The Barra de Aveiro Fort (Forte da Barra de Aveiro in Portuguese) also known as Gafanha Castle (Castelo da Gafanha in Portuguese), Forte Pombalino, or Forte Novo, is located on an island adjacent to Ilha da Mó do Meio, parish of Gafanha da Nazaré, municipality of Ílhavo, district of Aveiro, in Portugal.

==History==
The area of Gafanhas began to be inhabited in the 16th or 17th century.
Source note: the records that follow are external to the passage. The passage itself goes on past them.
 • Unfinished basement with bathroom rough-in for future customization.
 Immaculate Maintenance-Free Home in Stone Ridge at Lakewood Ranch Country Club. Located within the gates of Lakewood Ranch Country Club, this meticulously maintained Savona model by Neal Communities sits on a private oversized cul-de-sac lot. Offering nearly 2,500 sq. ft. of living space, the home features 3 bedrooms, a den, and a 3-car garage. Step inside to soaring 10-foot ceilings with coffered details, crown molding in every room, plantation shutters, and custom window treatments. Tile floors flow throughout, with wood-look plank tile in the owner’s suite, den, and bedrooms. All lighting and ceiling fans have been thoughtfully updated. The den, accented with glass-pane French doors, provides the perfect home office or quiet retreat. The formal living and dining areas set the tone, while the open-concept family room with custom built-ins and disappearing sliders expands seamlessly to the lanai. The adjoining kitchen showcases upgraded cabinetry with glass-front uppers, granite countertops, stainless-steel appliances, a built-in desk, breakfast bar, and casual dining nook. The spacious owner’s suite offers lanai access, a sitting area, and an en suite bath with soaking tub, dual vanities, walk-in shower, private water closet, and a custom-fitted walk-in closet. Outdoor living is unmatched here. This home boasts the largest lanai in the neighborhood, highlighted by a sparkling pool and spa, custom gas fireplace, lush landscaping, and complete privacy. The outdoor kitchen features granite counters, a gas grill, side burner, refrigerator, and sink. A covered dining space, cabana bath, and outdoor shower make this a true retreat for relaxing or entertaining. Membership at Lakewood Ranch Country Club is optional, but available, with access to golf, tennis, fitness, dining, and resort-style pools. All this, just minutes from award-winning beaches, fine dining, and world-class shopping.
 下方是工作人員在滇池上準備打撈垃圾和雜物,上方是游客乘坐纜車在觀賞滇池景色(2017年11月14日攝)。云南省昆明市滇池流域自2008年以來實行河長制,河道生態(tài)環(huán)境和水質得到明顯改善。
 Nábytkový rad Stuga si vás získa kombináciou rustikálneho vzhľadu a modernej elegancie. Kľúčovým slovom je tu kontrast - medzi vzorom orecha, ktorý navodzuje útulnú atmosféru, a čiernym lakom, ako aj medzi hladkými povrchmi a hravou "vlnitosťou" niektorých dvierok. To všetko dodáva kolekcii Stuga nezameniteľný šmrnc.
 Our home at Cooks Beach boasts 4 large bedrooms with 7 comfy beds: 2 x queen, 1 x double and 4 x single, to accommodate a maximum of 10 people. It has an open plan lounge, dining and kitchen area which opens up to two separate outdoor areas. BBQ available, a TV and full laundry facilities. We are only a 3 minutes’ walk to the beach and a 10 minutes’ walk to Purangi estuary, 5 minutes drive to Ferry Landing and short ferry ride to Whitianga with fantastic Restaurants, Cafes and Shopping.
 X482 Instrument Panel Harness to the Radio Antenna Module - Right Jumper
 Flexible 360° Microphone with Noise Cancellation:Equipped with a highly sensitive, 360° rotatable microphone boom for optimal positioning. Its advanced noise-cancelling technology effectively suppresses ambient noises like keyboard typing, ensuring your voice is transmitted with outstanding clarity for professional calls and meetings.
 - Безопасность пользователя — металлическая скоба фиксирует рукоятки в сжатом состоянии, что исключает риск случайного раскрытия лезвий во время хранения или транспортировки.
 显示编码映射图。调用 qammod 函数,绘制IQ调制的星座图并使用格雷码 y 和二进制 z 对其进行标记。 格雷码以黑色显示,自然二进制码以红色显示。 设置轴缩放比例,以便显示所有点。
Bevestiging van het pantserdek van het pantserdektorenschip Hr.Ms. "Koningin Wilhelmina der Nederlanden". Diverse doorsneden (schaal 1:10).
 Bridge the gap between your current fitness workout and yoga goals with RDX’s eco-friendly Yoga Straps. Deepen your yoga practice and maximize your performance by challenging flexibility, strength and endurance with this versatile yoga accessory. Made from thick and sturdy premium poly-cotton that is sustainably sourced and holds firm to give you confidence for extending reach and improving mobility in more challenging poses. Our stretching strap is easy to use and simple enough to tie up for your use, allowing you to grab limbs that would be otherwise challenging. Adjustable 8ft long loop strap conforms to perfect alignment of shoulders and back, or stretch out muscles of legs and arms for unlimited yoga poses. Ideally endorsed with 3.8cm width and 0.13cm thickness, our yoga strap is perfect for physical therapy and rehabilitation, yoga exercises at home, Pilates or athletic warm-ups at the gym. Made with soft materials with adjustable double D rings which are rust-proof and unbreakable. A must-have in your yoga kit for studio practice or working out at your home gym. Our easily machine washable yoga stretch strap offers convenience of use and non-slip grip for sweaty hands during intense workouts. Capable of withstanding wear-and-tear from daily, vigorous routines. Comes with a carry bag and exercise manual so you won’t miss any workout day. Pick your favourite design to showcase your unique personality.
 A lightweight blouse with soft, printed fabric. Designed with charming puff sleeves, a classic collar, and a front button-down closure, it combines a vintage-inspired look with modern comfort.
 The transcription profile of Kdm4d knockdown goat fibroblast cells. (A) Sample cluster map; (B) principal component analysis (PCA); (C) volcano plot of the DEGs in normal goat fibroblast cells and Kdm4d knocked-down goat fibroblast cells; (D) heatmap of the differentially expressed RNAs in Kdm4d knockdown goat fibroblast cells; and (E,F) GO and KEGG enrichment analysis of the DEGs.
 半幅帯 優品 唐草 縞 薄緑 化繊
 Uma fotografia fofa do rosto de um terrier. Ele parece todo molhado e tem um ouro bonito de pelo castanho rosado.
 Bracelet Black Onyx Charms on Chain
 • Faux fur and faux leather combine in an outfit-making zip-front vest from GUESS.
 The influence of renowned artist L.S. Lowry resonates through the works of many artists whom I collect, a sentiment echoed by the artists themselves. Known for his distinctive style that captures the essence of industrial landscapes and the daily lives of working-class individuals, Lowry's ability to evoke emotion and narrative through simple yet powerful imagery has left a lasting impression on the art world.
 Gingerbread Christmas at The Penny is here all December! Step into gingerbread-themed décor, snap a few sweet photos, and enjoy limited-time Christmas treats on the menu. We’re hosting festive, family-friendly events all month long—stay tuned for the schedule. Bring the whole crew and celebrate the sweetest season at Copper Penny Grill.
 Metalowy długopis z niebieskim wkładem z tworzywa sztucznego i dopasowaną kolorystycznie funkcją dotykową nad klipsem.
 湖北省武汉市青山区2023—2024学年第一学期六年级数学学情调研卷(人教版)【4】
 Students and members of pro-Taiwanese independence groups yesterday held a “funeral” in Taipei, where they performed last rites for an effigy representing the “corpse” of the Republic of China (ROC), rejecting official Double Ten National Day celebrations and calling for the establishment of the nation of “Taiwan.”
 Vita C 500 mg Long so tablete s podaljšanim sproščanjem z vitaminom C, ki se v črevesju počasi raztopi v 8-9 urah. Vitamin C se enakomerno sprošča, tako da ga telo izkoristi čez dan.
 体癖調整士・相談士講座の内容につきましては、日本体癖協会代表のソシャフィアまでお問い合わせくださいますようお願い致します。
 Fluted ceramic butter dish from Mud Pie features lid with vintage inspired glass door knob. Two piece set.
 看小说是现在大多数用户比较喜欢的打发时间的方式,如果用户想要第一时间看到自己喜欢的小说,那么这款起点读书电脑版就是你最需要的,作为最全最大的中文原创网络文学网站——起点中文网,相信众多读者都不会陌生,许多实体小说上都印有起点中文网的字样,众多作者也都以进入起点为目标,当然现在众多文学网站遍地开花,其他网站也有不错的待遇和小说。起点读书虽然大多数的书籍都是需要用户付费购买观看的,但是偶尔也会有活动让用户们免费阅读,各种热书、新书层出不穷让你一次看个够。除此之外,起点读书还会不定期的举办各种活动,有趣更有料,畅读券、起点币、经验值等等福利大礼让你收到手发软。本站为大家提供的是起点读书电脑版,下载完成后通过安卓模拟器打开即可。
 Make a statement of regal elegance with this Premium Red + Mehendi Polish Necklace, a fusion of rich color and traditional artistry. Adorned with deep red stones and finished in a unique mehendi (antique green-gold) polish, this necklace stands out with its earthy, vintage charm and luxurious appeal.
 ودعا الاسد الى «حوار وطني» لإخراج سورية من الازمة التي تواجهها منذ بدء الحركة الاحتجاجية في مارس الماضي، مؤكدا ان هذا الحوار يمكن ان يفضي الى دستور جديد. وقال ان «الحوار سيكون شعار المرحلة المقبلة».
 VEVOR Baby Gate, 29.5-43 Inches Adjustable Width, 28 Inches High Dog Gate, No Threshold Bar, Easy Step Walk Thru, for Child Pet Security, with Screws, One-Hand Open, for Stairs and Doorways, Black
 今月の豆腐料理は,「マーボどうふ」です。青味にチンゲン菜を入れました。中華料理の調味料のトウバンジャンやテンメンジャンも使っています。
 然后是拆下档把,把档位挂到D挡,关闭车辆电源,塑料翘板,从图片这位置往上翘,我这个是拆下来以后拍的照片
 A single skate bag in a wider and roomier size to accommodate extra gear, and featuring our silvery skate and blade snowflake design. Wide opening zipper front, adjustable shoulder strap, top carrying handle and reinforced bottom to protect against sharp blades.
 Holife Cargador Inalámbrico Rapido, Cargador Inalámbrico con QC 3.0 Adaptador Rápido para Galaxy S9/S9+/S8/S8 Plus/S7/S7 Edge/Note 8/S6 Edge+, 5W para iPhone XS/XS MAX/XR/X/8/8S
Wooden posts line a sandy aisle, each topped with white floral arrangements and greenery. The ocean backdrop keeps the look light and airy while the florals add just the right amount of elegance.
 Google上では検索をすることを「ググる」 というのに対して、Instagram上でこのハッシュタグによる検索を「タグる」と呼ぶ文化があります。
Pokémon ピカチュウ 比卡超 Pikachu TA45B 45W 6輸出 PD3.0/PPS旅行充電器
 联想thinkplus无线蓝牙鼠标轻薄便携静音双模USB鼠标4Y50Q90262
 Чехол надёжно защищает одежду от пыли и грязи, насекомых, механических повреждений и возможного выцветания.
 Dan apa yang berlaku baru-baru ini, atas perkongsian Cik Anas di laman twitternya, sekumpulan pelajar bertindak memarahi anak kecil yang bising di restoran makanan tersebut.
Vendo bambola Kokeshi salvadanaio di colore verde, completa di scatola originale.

A lighthouse and a small surrounding fort were built near the mouth of the Vouga River, as part of an effort to facilitate navigation in that river mouth, which involved dredging, remodeling the coastline and increasing an adjacent sandbar, known since then as the "triangle of concentration of currents".

The fort was built between 1642 and 1648, during the War of Portuguese Restoration of Independence.

The fort never had important military functions, as the silting that progressed at the mouth of the Vouga since the 15th century pushed the coastline further forward, with intermittent interruptions to access to the sea. The situation came to its present state with the opening of Barra de Aveiro (end of the 19th century) that separated São Jacinto from Barra Nova, the construction of the Aveiro Lighthouse and two sea piers that guard the current mouth of the Ria de Aveiro.

It was rebuilt in 1801. By the 20th century the fort lost its defensive function. For that reason, it came to be administered by the Aveiro port authorities, then the Junta Autónoma do Porto de Aveiro and, more recently, the Administration of the Port of Aveiro.

The fort is classified as a Property of Public Interest by Decree-Law nº 735 of December 21, 1974.

In recent decades, the ground floor of the fort was used as a warehouse for materials and the lighthouse continues to perform signaling functions in inland navigation.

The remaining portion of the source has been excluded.